Still another image is from art. In the Jewish tradition the Sabbath has been called a "foretaste of eternity," the time when we stop doing what it is we do in the world. People come together to sing, to dance, to celebrate, and to reflect on what has gone before.
In the words of Arthur Waskow, "We need to be able to say, ‘HEY! We have done extraordinary things, now let’s pause.’....Artists have said to me, ‘There’s a moment in painting when you’re laying brush stroke after brush stroke after brush stroke and each one’s beautiful and each one enhances the painting. Then comes the moment when you put one more brush stroke on and it would seem that that brush stroke was just as beautiful as any one before it, but suddenly you have ruined the painting.’ You’ve got to know when to stop, when to catch your breath and say ‘Whoosh! This one’s over! I’ll put up another canvas. But in the meantime, I have to pause long enough to digest what I’ve done. Otherwise, I destroy it.’....We need to "go in a different direction, we are still putting on brush strokes which, in fact, are making (things) uglier and uglier."

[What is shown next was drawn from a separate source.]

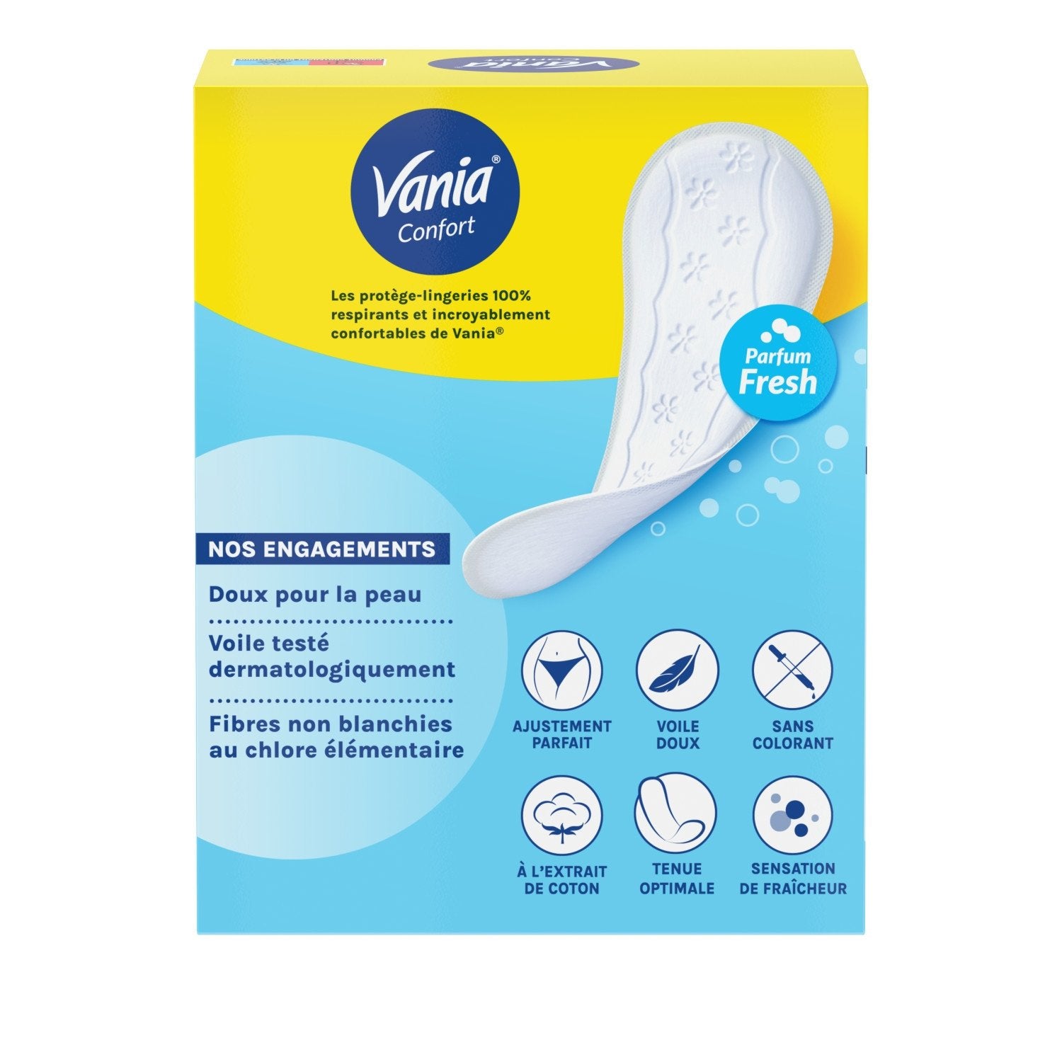 The VANIA® panty liner is ideal for everyday wear and gives you a long-lasting feeling of freshness thanks to: - A lower and intermediate layer made of polymers, 100% breathable! - An absorbent core made of plant-based cellulose fibers and ultra-absorbent microbeads - A soft veil with cotton extract, dermatologically tested - Optimal hold - A perfect fit - Lightly scented
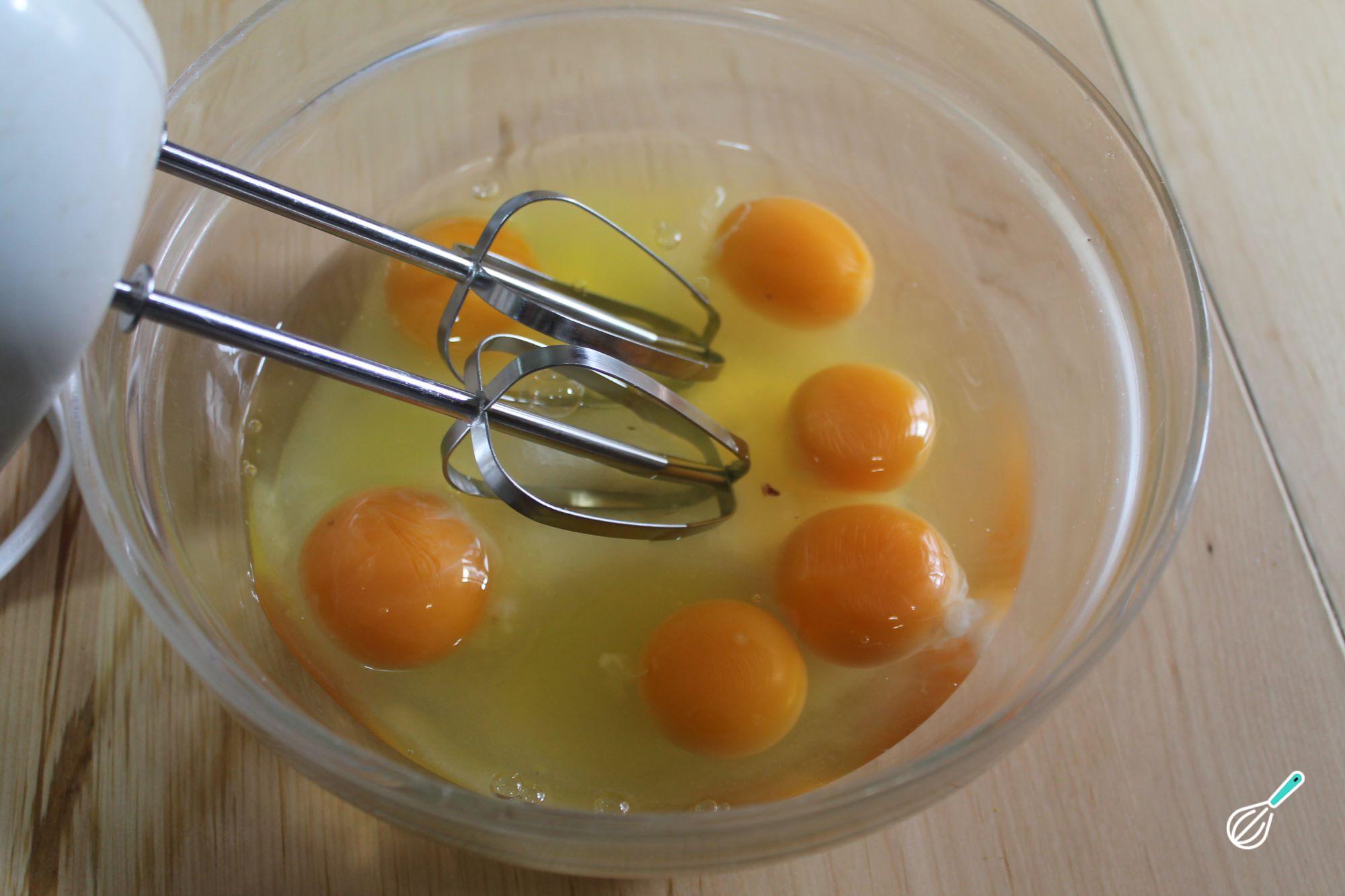 Quando tiver o creme de recheio pronto, prossiga para a preparação da massa do pão de ló de mimosa. Para fazer isso, coloque os ovos junto com o açúcar em uma tigela grande e bata com uma batedeira até as gemas espumarem e ficarem com uma cor esbranquiçada.

Our Sabbath worship is a pause in which we stand back and behold what it is we have created and hope that it is good.
Poet Lynn Ungar provides a natural image for us when she writes about the lilies of the field, which toil not, neither do they spin.
"And you - what of your rushed
and useful life? Imagine setting it all down -
papers, plans, appointments, everything -
leaving only a note: "Gone to the fields to be lovely.
Be back when I’m through with blooming....
Of course your work will always matter.
Yet Solomon in all his glory
was not arrayed like one of these."
This sanctuary is a kind of greenhouse; we are the gardeners of the spirit; our goal is to bloom as human beings and to help others do likewise.
I hope one of these images comes close to how each of us understands a Unitarian Universalist moment. And despite our doubt that we have time for this Sabbath moment together - there is probably nothing more important that we do. In our Unitarian Universalist moment, then - we feel most deeply human and alive.
Perhaps one purpose in our existence is to be open to such "moments of inherent excellence," to enjoy this moment and try to have many more like it. A Unitarian Universalist moment cannot be captured on film - only in the deep and invisible places of the heart. Relish it! Enjoy it! Be glad! Savor the moment! Though it can neither be lost nor destroyed, it cannot, will not come again!